AIM OF THE TASK: Where the material below has a line containing "在做了详细对比之后,对于基础", start repeating exactly, and keep going through the line containing "Spencer wird bald", with no other lines.

MATERIAL TO PROCESS:
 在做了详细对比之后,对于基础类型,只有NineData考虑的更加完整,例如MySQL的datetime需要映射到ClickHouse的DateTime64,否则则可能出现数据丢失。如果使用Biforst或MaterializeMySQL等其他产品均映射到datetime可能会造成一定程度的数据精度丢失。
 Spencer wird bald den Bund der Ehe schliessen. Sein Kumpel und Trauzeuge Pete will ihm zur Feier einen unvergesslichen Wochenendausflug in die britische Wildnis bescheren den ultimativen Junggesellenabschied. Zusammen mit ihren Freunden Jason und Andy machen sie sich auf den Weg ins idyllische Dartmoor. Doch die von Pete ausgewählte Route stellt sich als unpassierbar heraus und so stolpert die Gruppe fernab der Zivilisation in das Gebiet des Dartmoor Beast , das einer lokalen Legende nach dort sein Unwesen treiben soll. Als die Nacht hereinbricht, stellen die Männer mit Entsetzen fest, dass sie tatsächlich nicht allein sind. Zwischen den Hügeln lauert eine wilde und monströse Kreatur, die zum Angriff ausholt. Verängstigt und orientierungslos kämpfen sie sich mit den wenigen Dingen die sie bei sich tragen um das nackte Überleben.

==

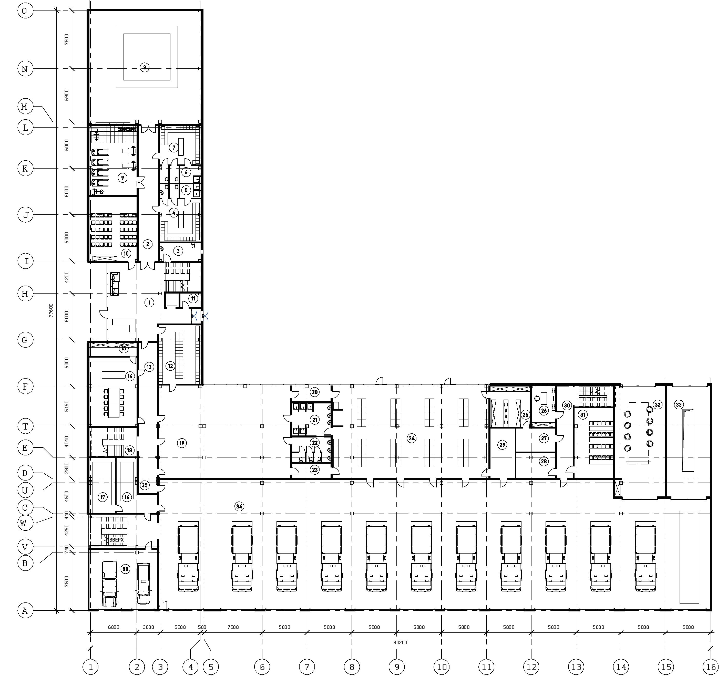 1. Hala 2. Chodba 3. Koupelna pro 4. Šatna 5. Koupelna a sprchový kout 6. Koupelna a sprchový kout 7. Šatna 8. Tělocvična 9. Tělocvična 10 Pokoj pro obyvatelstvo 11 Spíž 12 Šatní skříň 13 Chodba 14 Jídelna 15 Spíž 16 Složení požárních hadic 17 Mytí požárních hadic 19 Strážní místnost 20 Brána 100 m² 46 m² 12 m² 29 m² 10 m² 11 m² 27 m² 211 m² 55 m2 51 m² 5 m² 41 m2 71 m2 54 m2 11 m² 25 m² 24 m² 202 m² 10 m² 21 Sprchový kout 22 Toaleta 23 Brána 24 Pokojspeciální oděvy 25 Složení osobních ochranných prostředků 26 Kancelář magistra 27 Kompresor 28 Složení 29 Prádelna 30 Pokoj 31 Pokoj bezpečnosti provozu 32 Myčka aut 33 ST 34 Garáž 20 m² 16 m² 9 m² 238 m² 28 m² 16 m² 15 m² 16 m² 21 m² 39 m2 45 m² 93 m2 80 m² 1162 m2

SOLUTION TO THE PROBLEM:
 在做了详细对比之后,对于基础类型,只有NineData考虑的更加完整,例如MySQL的datetime需要映射到ClickHouse的DateTime64,否则则可能出现数据丢失。如果使用Biforst或MaterializeMySQL等其他产品均映射到datetime可能会造成一定程度的数据精度丢失。
 Spencer wird bald den Bund der Ehe schliessen. Sein Kumpel und Trauzeuge Pete will ihm zur Feier einen unvergesslichen Wochenendausflug in die britische Wildnis bescheren den ultimativen Junggesellenabschied. Zusammen mit ihren Freunden Jason und Andy machen sie sich auf den Weg ins idyllische Dartmoor. Doch die von Pete ausgewählte Route stellt sich als unpassierbar heraus und so stolpert die Gruppe fernab der Zivilisation in das Gebiet des Dartmoor Beast , das einer lokalen Legende nach dort sein Unwesen treiben soll. Als die Nacht hereinbricht, stellen die Männer mit Entsetzen fest, dass sie tatsächlich nicht allein sind. Zwischen den Hügeln lauert eine wilde und monströse Kreatur, die zum Angriff ausholt. Verängstigt und orientierungslos kämpfen sie sich mit den wenigen Dingen die sie bei sich tragen um das nackte Überleben.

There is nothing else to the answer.